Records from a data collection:
_ _ _ _ _ _ _

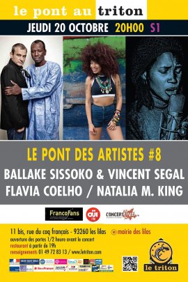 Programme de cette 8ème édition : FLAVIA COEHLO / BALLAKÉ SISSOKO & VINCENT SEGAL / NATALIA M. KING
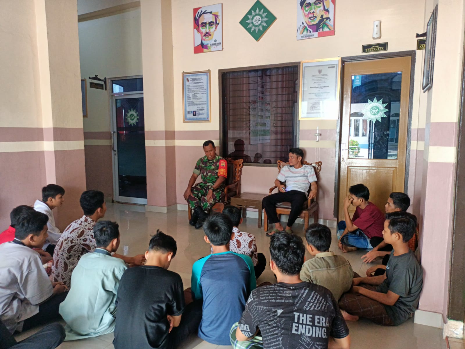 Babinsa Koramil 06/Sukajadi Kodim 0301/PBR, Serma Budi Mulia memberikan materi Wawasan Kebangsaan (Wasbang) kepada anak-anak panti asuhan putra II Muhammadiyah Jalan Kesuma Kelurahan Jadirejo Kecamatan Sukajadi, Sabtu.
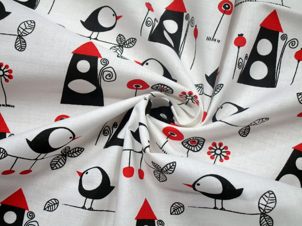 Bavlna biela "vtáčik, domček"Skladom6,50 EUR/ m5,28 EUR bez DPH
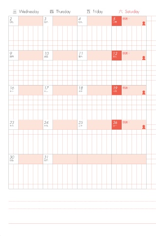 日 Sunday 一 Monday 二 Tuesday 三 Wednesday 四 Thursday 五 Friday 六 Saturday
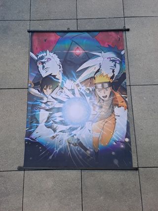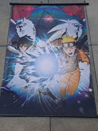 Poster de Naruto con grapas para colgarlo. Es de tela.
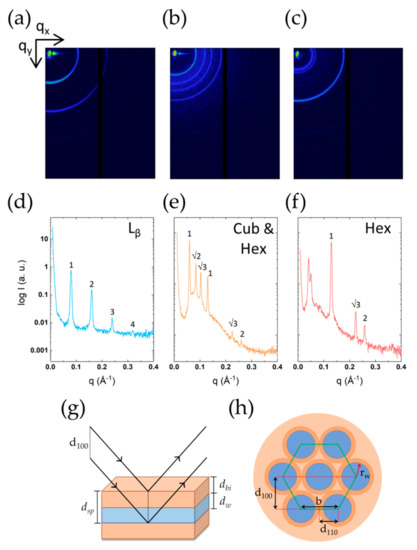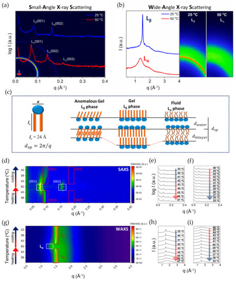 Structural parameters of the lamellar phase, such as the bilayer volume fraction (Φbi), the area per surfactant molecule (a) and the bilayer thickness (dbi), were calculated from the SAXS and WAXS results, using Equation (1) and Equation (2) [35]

_ _ _ _ _ _ _

Here the lines from the one with "Poster de Naruto" through the last line of the data above need to be repeated exactly, both included, and any picture omitted.

 Poster de Naruto con grapas para colgarlo. Es de tela.
 Structural parameters of the lamellar phase, such as the bilayer volume fraction (Φbi), the area per surfactant molecule (a) and the bilayer thickness (dbi), were calculated from the SAXS and WAXS results, using Equation (1) and Equation (2) [35]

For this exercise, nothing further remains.